The first-grade girls’ original play was directed by parent alumna Rachelle Freedman in conjunction with teachers Michal Donowitz and Miriam Goldberger. The first-grade boys performed their own play, positioning them to begin davening with Rabbi Shalom Yosef Horowitz.

Also at Torah Day School, Rabbi Akiva Gross’ middle-schoolers recently taught chumash to kindergartners.

TDSA Championship

Rabbi Michael Alterman and fellow coach Charles Diener celebrate with the Torah Day School Thunder varsity basketball team after the boys won their division championship with a 39-35 win over the Museum School on Thursday, Jan. 28. The week before, the TDSA junior varsity won its division championship.


ED Briefs: 1
Photo by R.M. Grossblatt

Ben Franklin Reaccredited

Ben Franklin Academy earned continuing accreditation from the Southern Association of Colleges and Schools Council on Accreditation and School Improvement at the December meeting of Alpharetta-based AdvancED’s Accreditation Commission.

Ben Franklin, in the Emory University area, has held accreditation since 1992.

“Accreditation demonstrates to our students, parents and community that we are focused on raising student achievement, providing a safe and enriching learning environment, and maintaining an efficient and effective operation staffed by highly qualified educators,” Head of School Martha Burdette said.

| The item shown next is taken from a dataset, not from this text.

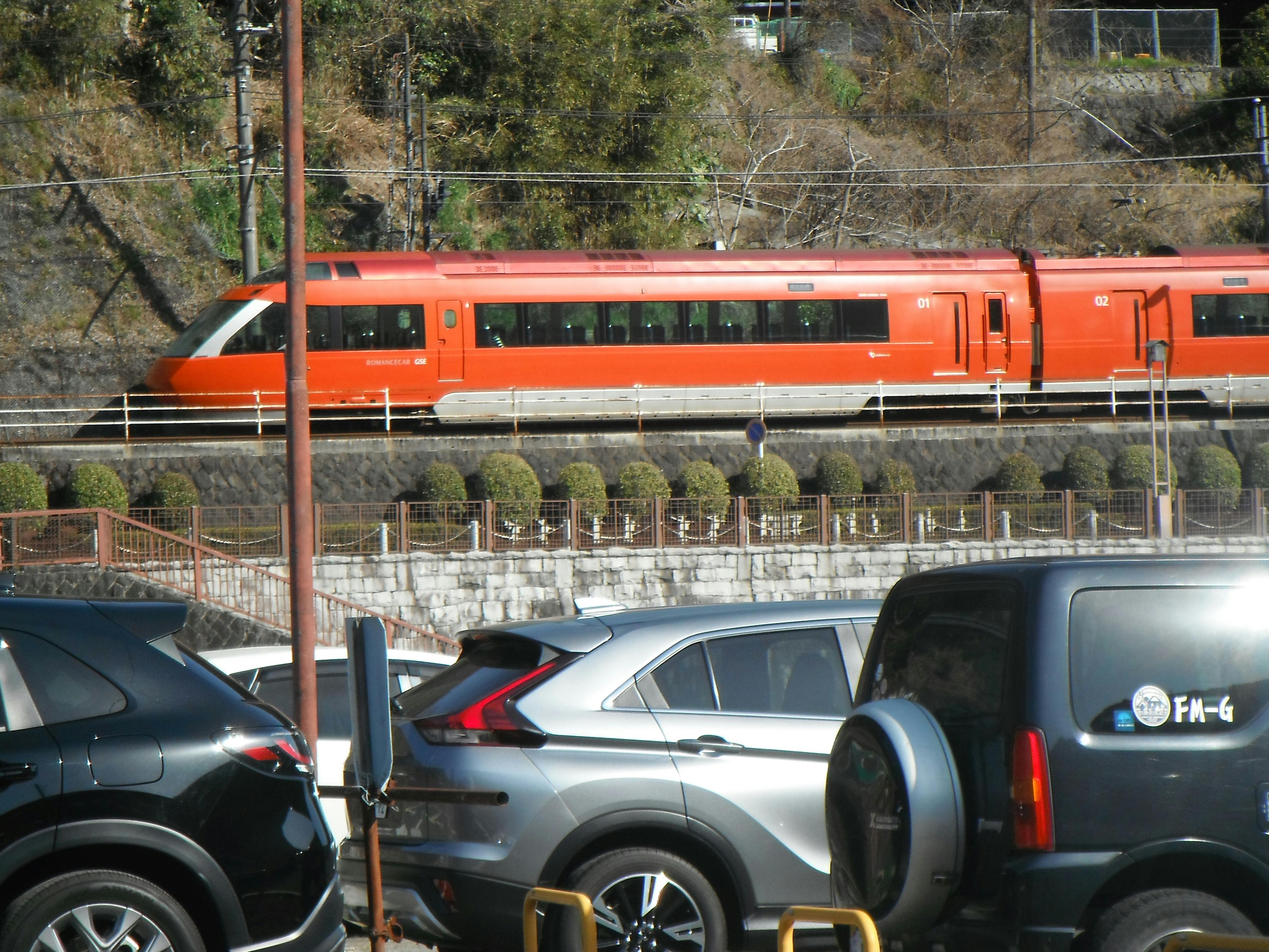 ロマンスカーGSE(70000形)は、2018年にデビューした小田急電鉄のフラッグシップ特急です。「Graceful Super Express(優雅な超特急)」の略で、情熱的なバラ色(ローズバーミリオン)の車体と、前面の大型1枚ガラスによる展望席、高さ1mの連続窓が特徴です。

SACS CASI grants accreditation for five years, based on an evaluation by a team of professionals against the organization’s standards and the implementation of a continuous process of school improvement.

“SACS CASI accreditation is a rigorous process that focuses the entire school on the primary goal of creating lifelong learners,” Mark Elgart, the president and CEO of AdvancED, said in a statement. “Ben Franklin Academy is to be commended for engaging in this process and demonstrating a commitment to continuous improvement.”


Emory Endowment 17th

Emory University had the 17th-largest university endowment in the nation for fiscal 2015, according to the results of the annual National Association of College and University Business Officers-Commonfund Study of Endowments, announced Wednesday, Jan. 27.

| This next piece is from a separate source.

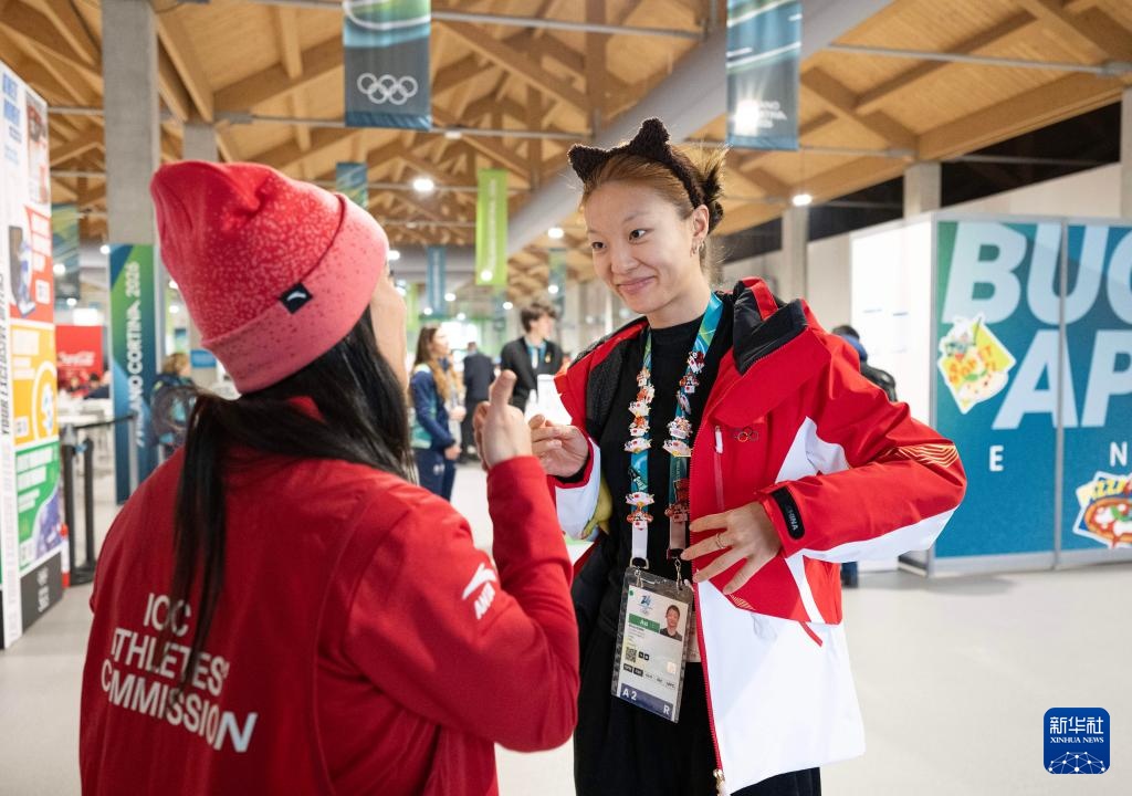 2月3日,在意大利米兰奥运村,中国速度滑冰队运动员杨滨瑜(右)与工作人员交换徽章。

Emory’s endowment had a market value of $6.7 billion, unchanged from fiscal 2014, making it one of three university endowments in Georgia worth at least $1 billion. The others were Georgia Tech at No. 47 with $1.86 billion, down 1.6 percent from $1.89 billion, and the University of Georgia at No. 92 with $1 billion, up 3 percent from $976 million.

Altogether, 93 U.S. universities had endowments worth at least $1 billion, led by Harvard University at $36.4 billion.

NACUBO reported that the average university endowment among 812 reporting institutions gained 2.4 percent from investments in fiscal 2015, compared with 15.5 percent in 2014. It was the worst year for investment returns on university endowments since fiscal 2012, when the average was a loss of 0.3 percent.

Emory had a 3.6 percent return on investments for the year ending June 30, 2015, the university said, but it distributed nearly $260 million for academic programs and research.